Because he baled hay late into the day and rushed home to milk before unloading the wagon, my father often parked the load outside my bedroom window. In dry weather, he left it overnight for the hired help to empty. If the forecast predicted rain, he emptied it himself after milking. Either way, I slept inhaling that scent. I’m sure a part of me thought that’s how I would always fall asleep. Outside, the stanchions would creak, the dogs bark at a raccoon in the cornfield, a calf would call out for its mother. Wasn’t there only one world to be a part of? And wouldn’t my father always be central to it?

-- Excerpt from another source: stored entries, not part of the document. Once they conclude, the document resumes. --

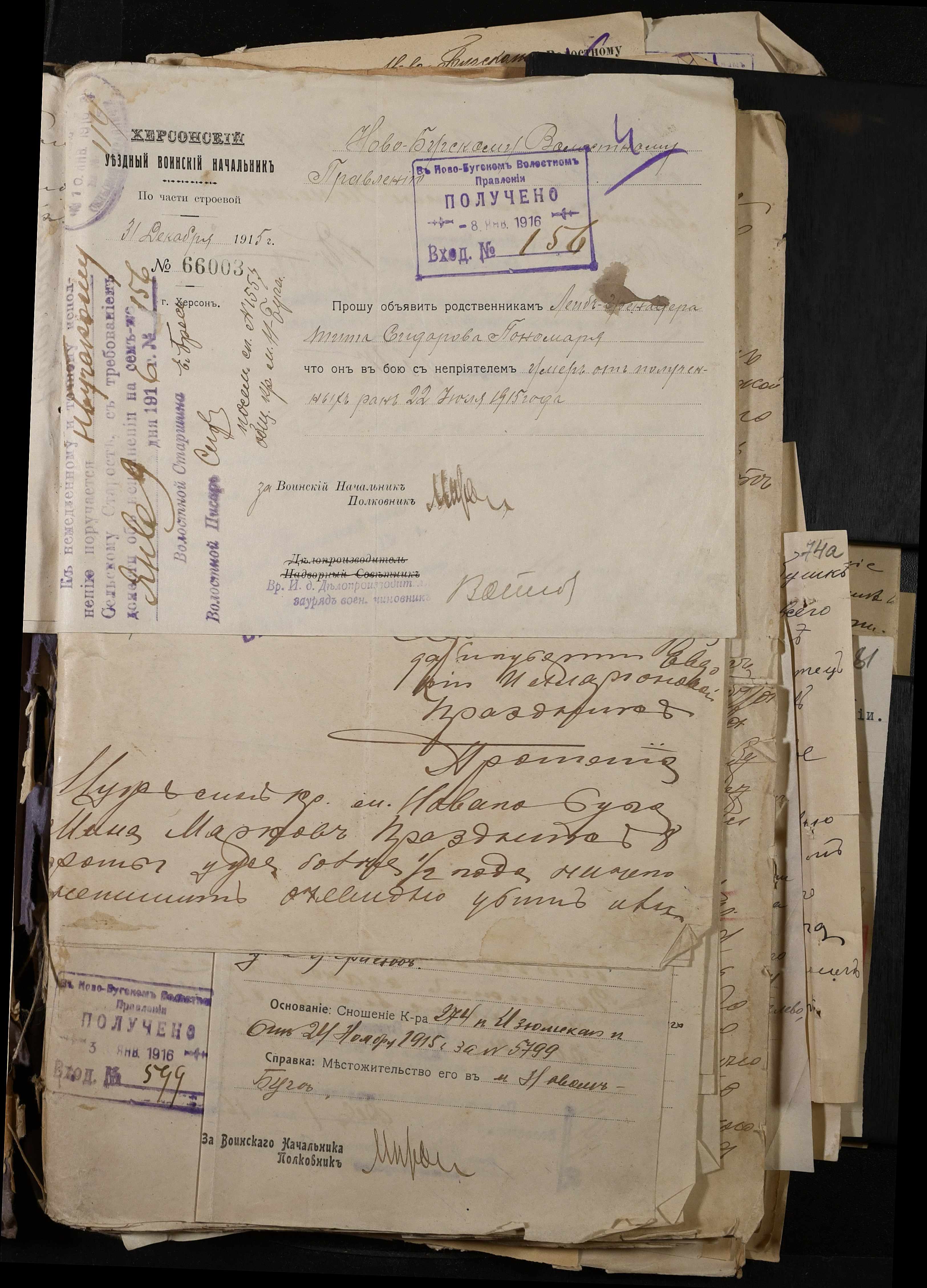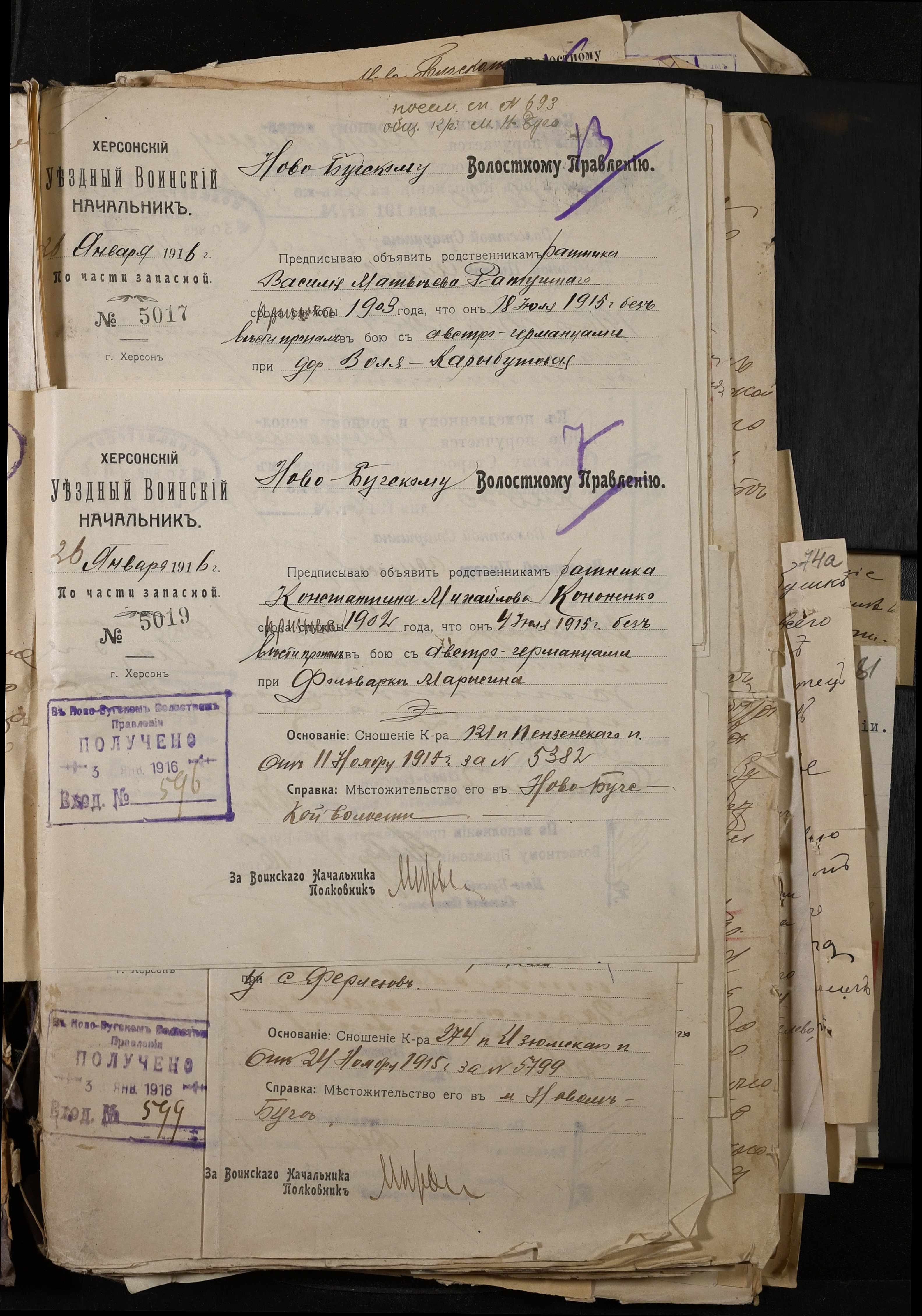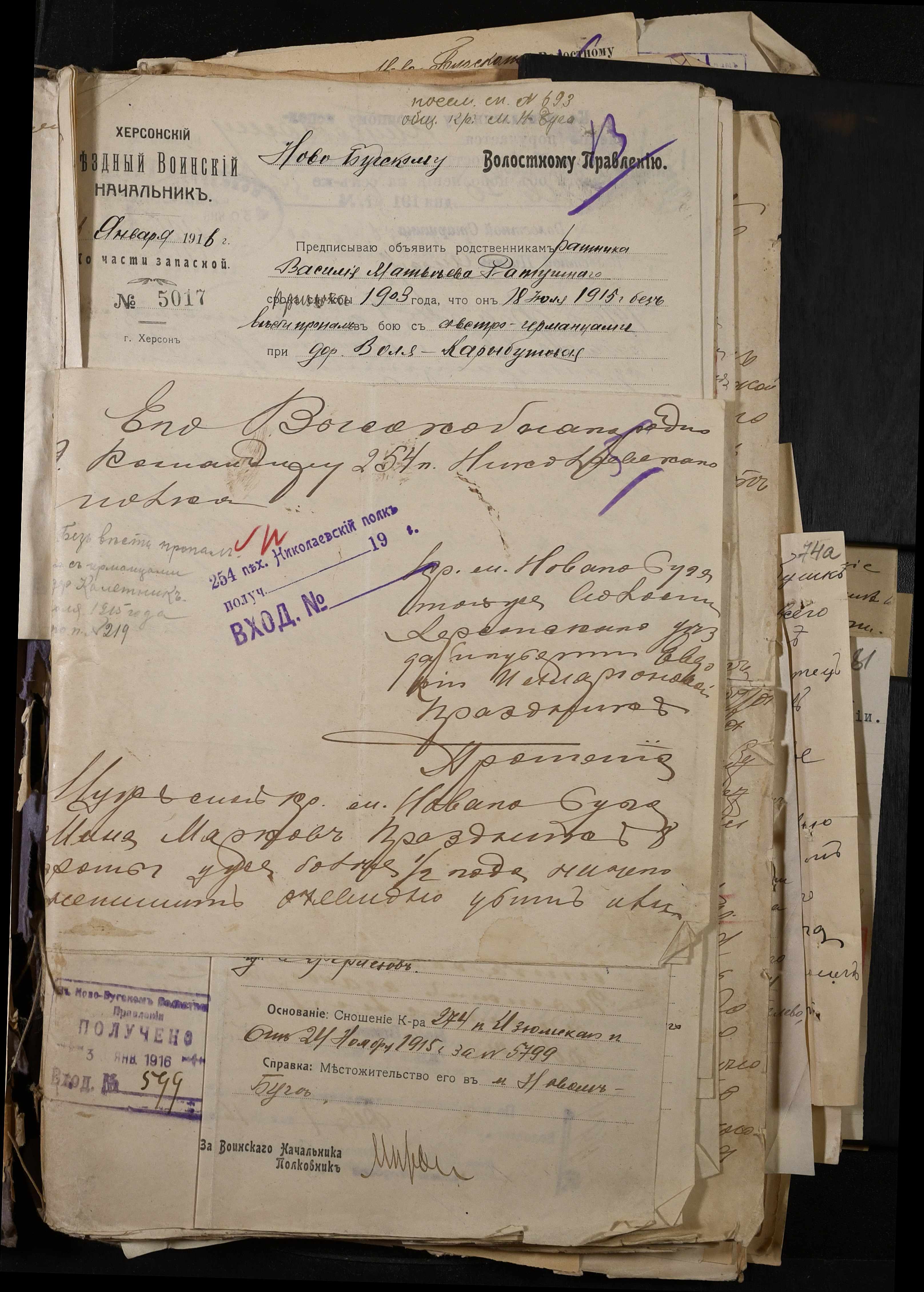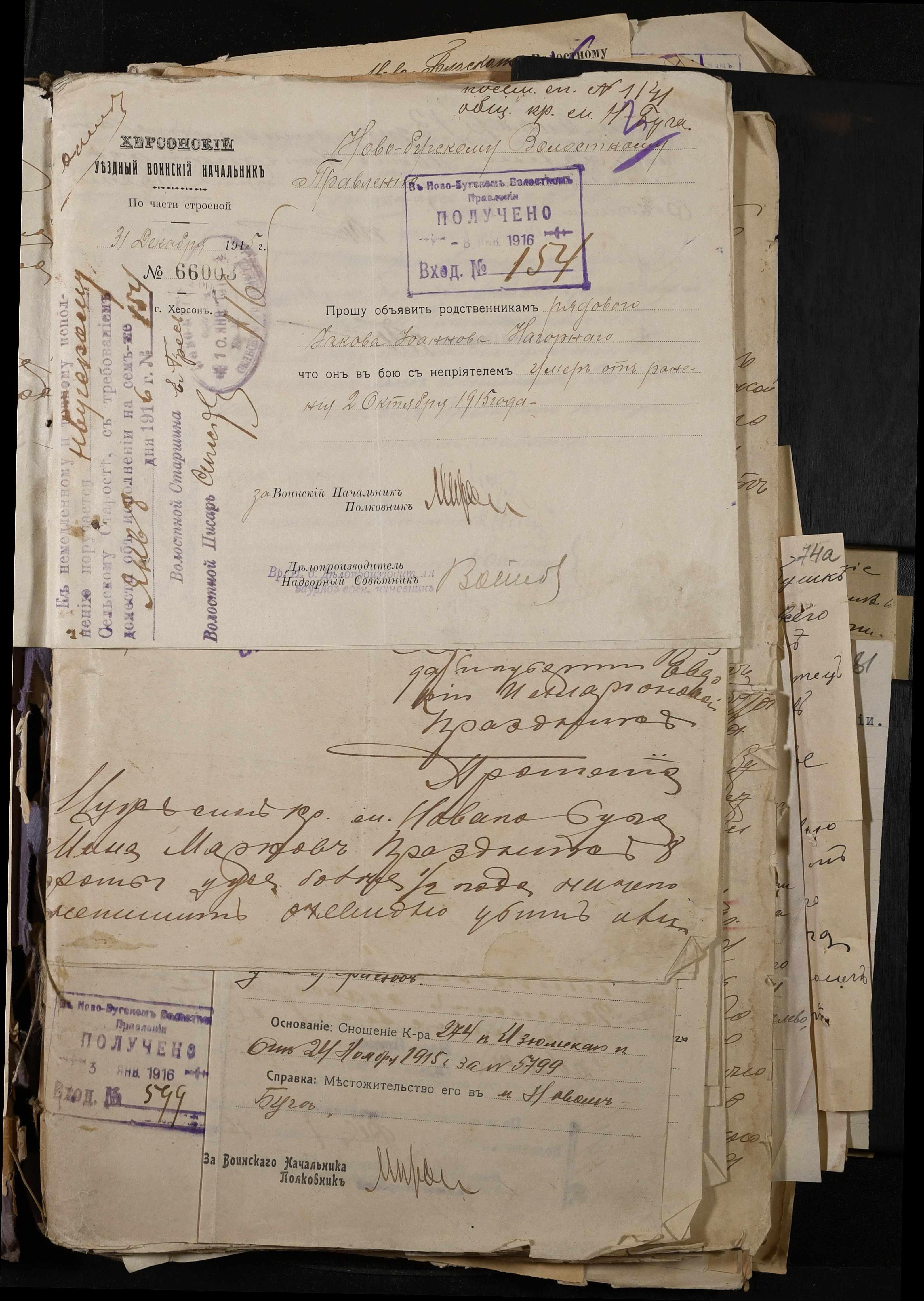 • • • • Справа № 277 “Повідомлення Херсонського повітового військового начальника про вбитих, зниклих безвісти під час війни військовослужбовців, мобілізо-ваних із населених пунктів волості”
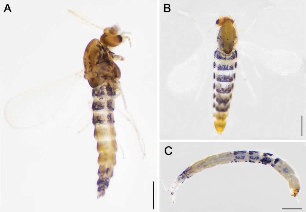 圖為墨脫流施密搖蚊整體照:A為雄成蟲、B為雌成蟲、C為幼蟲。(西藏自治區高原生物研究所“達娃創新工作室”供圖)
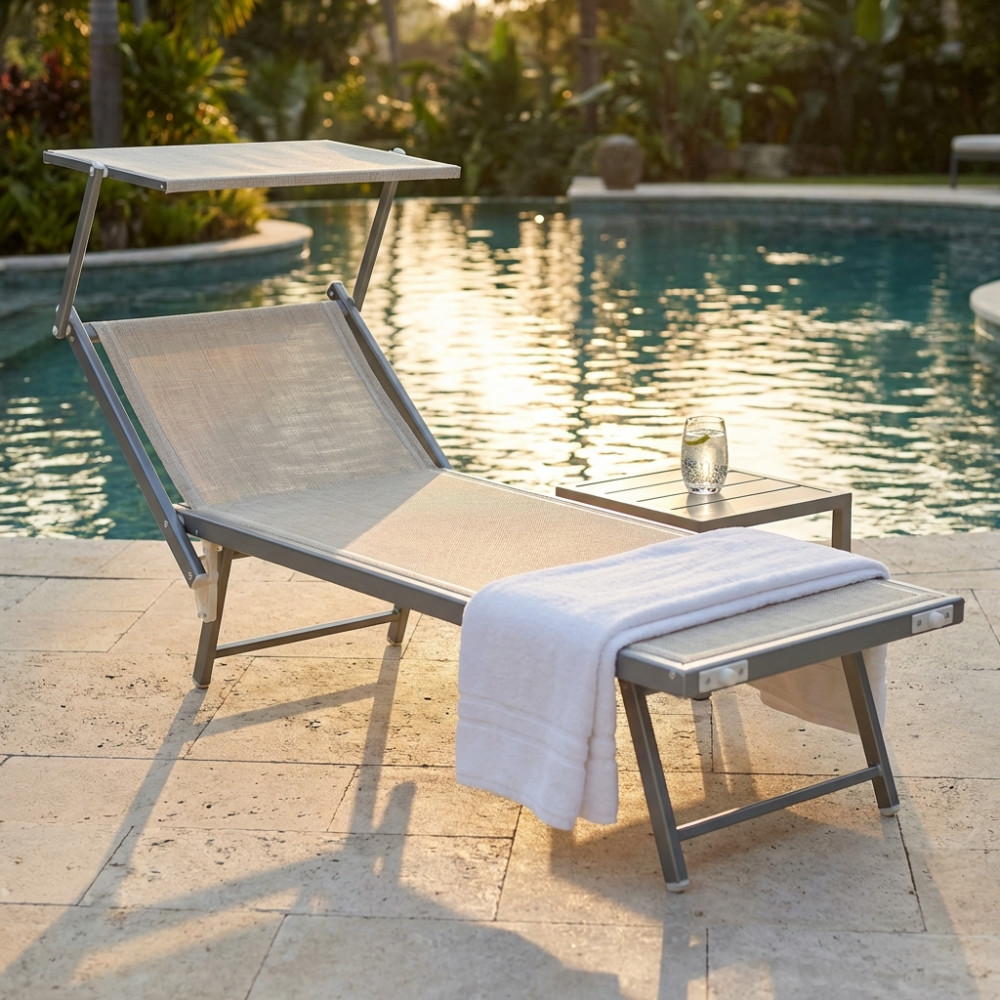 Disponibile BLU, BIANCO, BEIGE MELANGE struttura in alluminio 43x42 mm regolabile in 2 posizioni portata max 120 kg, tessuto in textilene 2 x 1 Dimensioni: cm 183/189 x 61 x 38 h

Decades later, I stood on a street in a town that is far away from where our farm used to be, but that scent placed me squarely back in the hayloft, in the freestall where we fed the cows, in the bedroom of a house that was burned down long ago to make room for something else. I’m happy the bounty of that field will not go to waste, and next year, I can feel confident that eventually, someone will do the work that needs to be done. But that relief will not completely lessen the homesickness I experience when the field is not grass but crop, when I am reminded once more that there are some places to which we can never really return.

Maybe, for my daughters working through teenage strife, for me witnessing it, for anyone struggling along the unavoidable path before them, that’s also the good news.